Bear market
Commonwealth Bank reported that the spot price of coking coal has doubled from $150/tonne to over $300/tonne over the last fortnight.
Clearly that's related to the disruption to supply caused by Queensland's Cyclone Debbie as repairs are carried out.
More fundamentally, the stimulus from China looks to be wearing off, and it appears likely that the sizeable rebound in Australia's commodity price is set to reverse.
Earlier this month the Reserve Bank reported that Australia's Index of Commodity Prices had risen by more than 50 per cent year-on-year.

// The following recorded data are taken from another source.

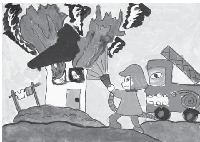
第29回浦安市防火ポスター展 小学生の部 市長賞作品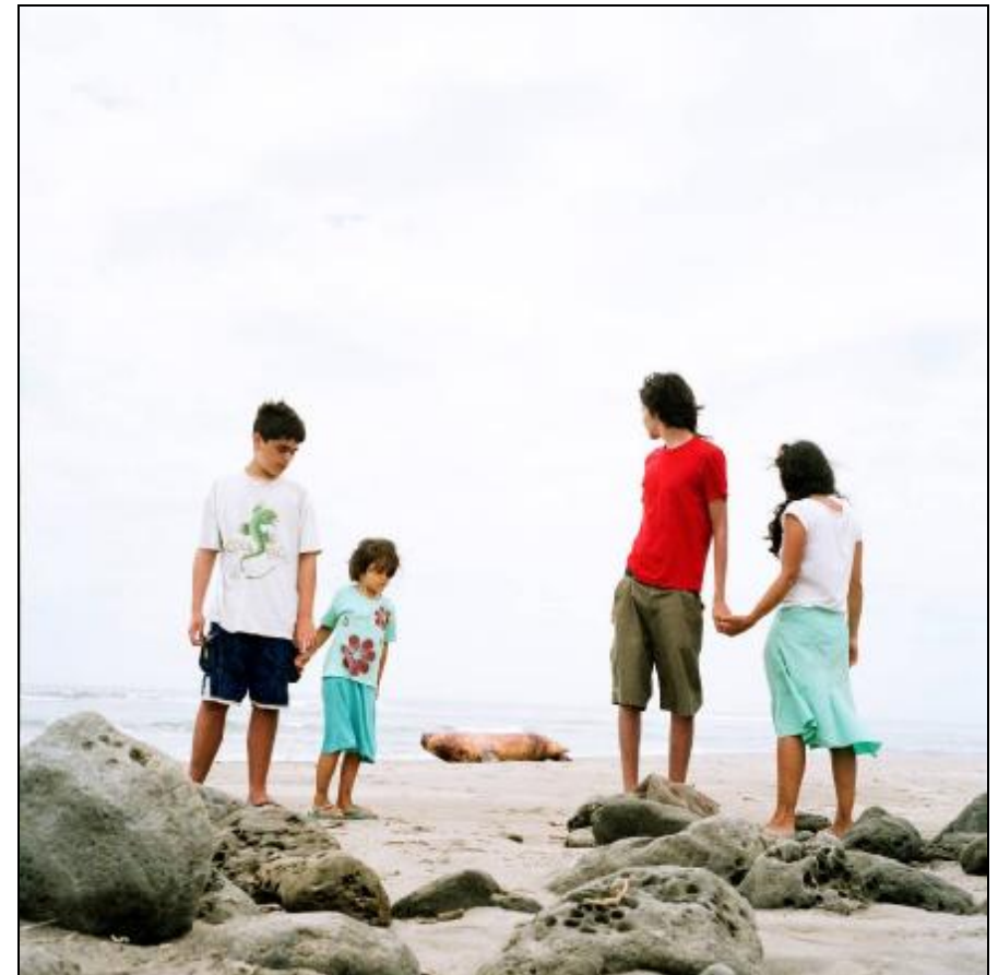
UR BOKEN "NAINI AND THE SEA OF WOLVES" AV TRINIDAD CARRILLO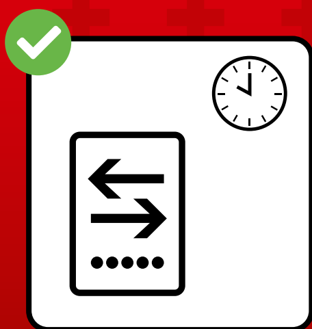
Billett online kaufen.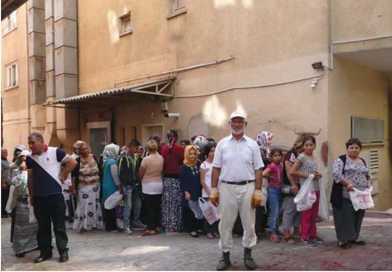
Kurban kesim mahallinden bir görüntü.

yaklaşık 1240 (binikiyüzkırk) TL. tutarındaki 2 kurbanın etinden oluşan toplam olarak 117.180 (yüzyedibin yüzseksen) TL. tutarındaki 189 kurbanın eti, 708 kişiye dağıtılarak yüzleri güldürüldü ve mutlu bir bayram geçirmelerine katkıda bulunuldu.

However, iron ore spot prices have now dropped by 20 per cent since the third week of March, and as such are entering a bear market.
Resources struggle
SQM Research released its Weekly Asking Prices Index figures for Australia's housing markets yesterday.

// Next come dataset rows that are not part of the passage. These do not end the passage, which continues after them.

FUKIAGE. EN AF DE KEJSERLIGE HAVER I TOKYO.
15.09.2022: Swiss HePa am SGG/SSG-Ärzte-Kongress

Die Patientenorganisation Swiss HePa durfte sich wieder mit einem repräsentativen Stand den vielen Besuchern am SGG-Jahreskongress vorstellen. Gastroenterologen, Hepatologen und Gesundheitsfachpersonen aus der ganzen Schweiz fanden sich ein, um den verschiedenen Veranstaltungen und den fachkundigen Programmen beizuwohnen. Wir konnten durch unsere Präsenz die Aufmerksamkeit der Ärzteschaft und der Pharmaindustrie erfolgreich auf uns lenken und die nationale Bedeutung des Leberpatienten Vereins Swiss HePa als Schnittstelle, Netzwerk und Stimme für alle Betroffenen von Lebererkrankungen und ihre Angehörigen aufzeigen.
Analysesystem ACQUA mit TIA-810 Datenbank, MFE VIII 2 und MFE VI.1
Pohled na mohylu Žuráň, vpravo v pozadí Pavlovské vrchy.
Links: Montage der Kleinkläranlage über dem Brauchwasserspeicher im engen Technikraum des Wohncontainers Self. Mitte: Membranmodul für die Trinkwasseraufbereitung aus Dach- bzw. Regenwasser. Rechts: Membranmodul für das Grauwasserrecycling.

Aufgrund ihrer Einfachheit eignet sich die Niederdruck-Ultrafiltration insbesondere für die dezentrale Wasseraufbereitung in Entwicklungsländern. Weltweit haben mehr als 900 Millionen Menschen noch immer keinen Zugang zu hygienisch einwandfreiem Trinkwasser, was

They reported ongoing increases in Sydney, Melbourne, and Hobart, but no let-up in house price declines in Perth or Darwin.
In Perth the median asking price for houses is now 12.8 per cent lower over the last three years.
Source: SQM Research
In Darwin, where the housing market has followed a very similar trajectory, the equivalent figure is a 14.7 per cent decline.
Source: SQM Research
These are material declines for capital city housing markets, but are chump change compared to what's been playing in out in some of the regional resources towns and cities.

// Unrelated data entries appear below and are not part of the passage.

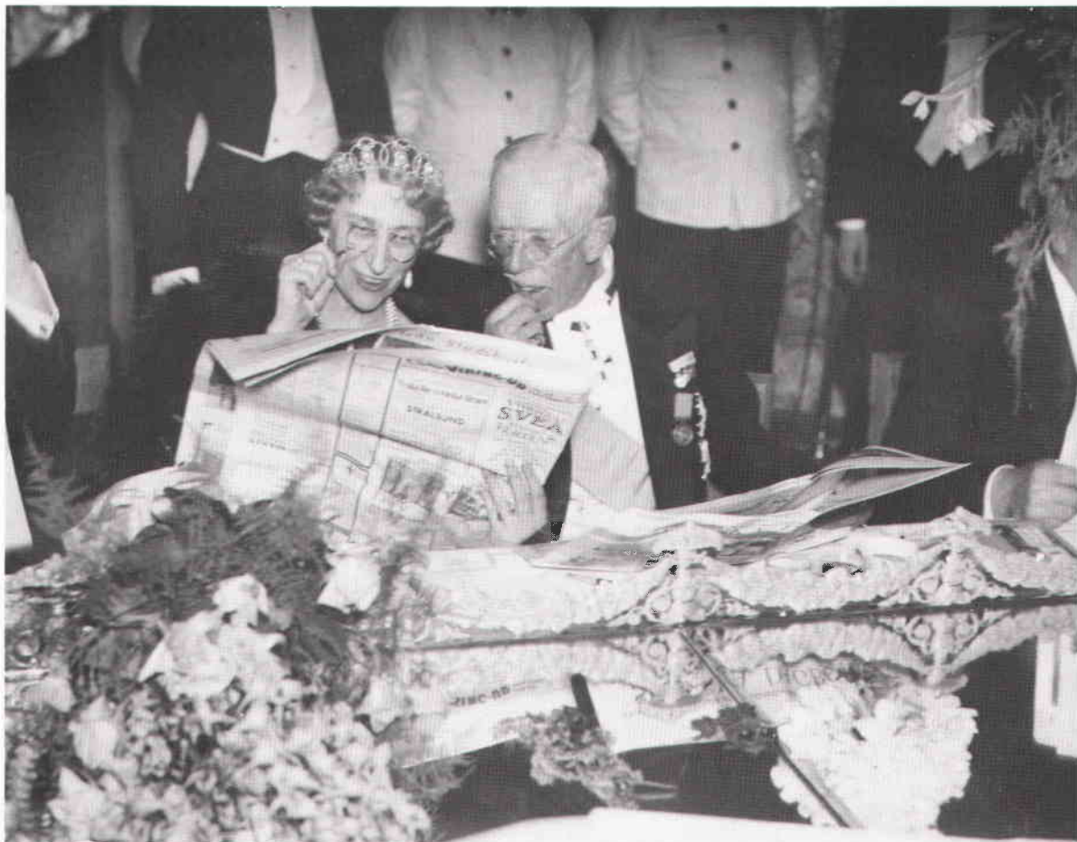
Gustav V och prinsessan Ingeborg studerar roat den särskilda stadshusupplaga av Svenska Dagbladet som delades ut vid Stadsfullmäktiges jubileumsfest i Stadshuset den 3 maj 1938.

ras eller utsättas för brutala gallringar därför att så få institutioner har de ekonomiska och praktiska möjligheterna att ta emot och vårda materialet. Dessutom förväntar sig de som vill överlåta samlingar en rimlig ersättning för bilderna och de rättigheter till användning som ofta ingår i förvärvet.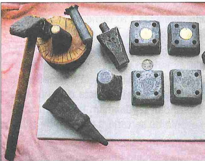
Çeşitli darp aletleri (İstanbul Arkeoloji Müzesi, kalıplar teşhir vitrini)

1879'dan itibaren değeri düşen gümüşten külçe alımı suretiyle yeni gümüş para basılmamaya başlandı. Bunun sebebi, gümüş paranın miktarını artırıp değerini daha fazla düşürmemektir. Gümüş para, ancak tedavülden çekilen sikkelerin eski gümüş paralardan darbediliyordu. Abdülmecid zamanından beri darphânedeki altından 500, 250, 100, 50, 25 ve 12,5 kuruş değerinde altın paralar ve gümüşten 20 kuruşluk mecdiye, 10, 5, 2 ve tek kuruşlar basılıyordu. 20, 10 ve 5 paralar ise gümüşten darbedilmemekteydi. Osmanlılar'da 500 kuruşluk meblağa "kise" dendiğinden 500 kuruşluk altın da bu adla anılmaktaydı. Fakat asıl temel birim 100 kuruşluk altın olup buna "lira" deniliyordu. Diğer sikkeler ise bunun katları veya küsurlarıydı.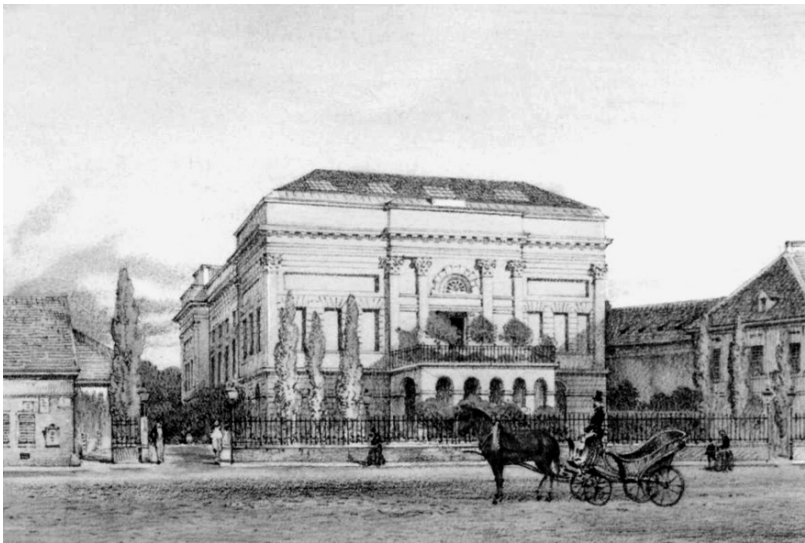
A Pesti Nemzeti Színház az 1840-es évek táján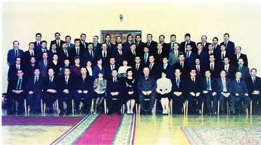
XXVII Коми областная партийная конференция, 1988 год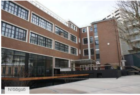
Lycée Jean Lurçat - Site Patay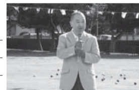
▲小見川幼稚園運動会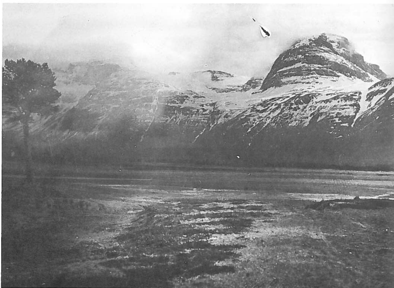
Den gamle markedsplassen på Abaja, Skibotn.

9. — 11. okt. i år ble det holdt seminar i Skibotn om Skibotnmarkedet. Dette gamle markedet ble belyst av flere foredragsholdere og det var også bygdekveld. Vi gjengir Olav Seppolas innledning til en samtale om markedet på bygdekvelde, og to av foredragene. Disse artiklene er illustrert med bilder av S. Paulaharju. Han var en kjent finsk fotograf og forfatter og besøkte Lyngen og Finnmark i 1927. Boka «Finnmarkens folk» var et resultat av turen. Det er ei svært lesverdig bok og anbefales. Han var særlig interessert i de områdene kvænene bodde og har derfor svært mye stoff fra våre kanter.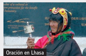
Oración en Lhasa

Salida en vuelo de regreso a Madrid, vía Doha. Llegada.

In Gladstone median asking rents have collapsed by about 45 to 55 per cent over the past three years alone for houses and apartments respectively.
Similar outcomes have been seen in any number of locations, from Whyalla and Roxby Downs in South Australia, to Karratha and Port Hedland in Western Australia, and Moranbah and Dsyart in Queensland.
As such, mortgage delinquency rates appear very likely to continue rising in resources regions.